TASK TO COMPLETE:
Please take the records that follow and repeat exactly the lines starting with the line with "Les membres du" and going on through the line with "Мехнати кормандони матбуот".

MATERIAL SUPPLIED:
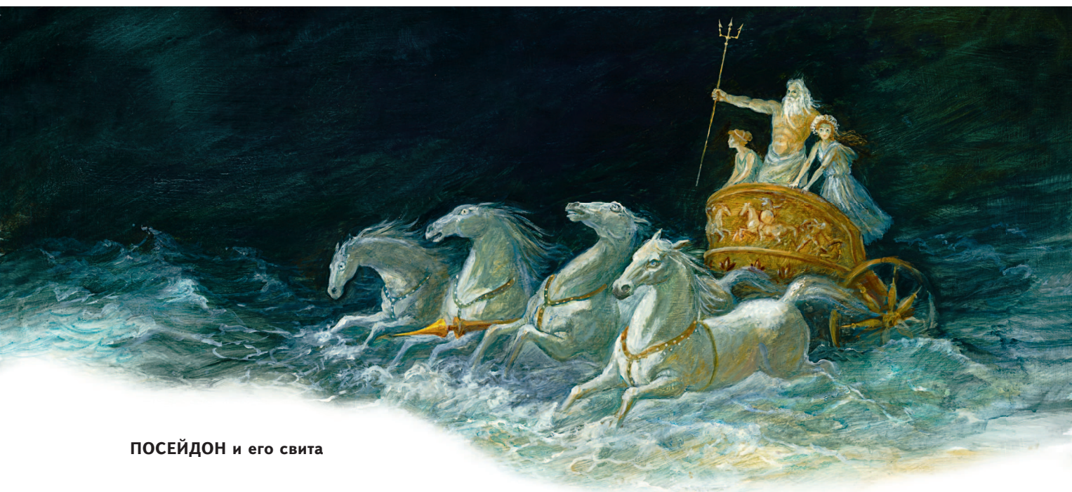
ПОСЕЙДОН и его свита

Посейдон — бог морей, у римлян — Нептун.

...

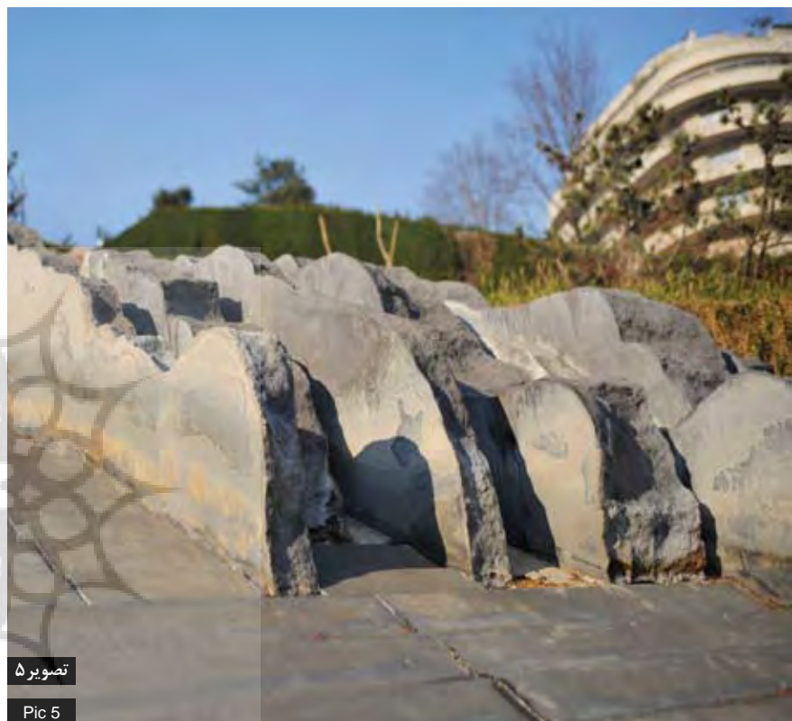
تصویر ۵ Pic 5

---

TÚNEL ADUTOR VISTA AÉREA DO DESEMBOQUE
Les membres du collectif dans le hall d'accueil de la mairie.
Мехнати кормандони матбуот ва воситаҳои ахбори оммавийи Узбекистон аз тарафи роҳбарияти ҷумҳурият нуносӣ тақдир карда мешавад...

OUTPUT OF THE TASK:
Les membres du collectif dans le hall d'accueil de la mairie.
Мехнати кормандони матбуот ва воситаҳои ахбори оммавийи Узбекистон аз тарафи роҳбарияти ҷумҳурият нуносӣ тақдир карда мешавад...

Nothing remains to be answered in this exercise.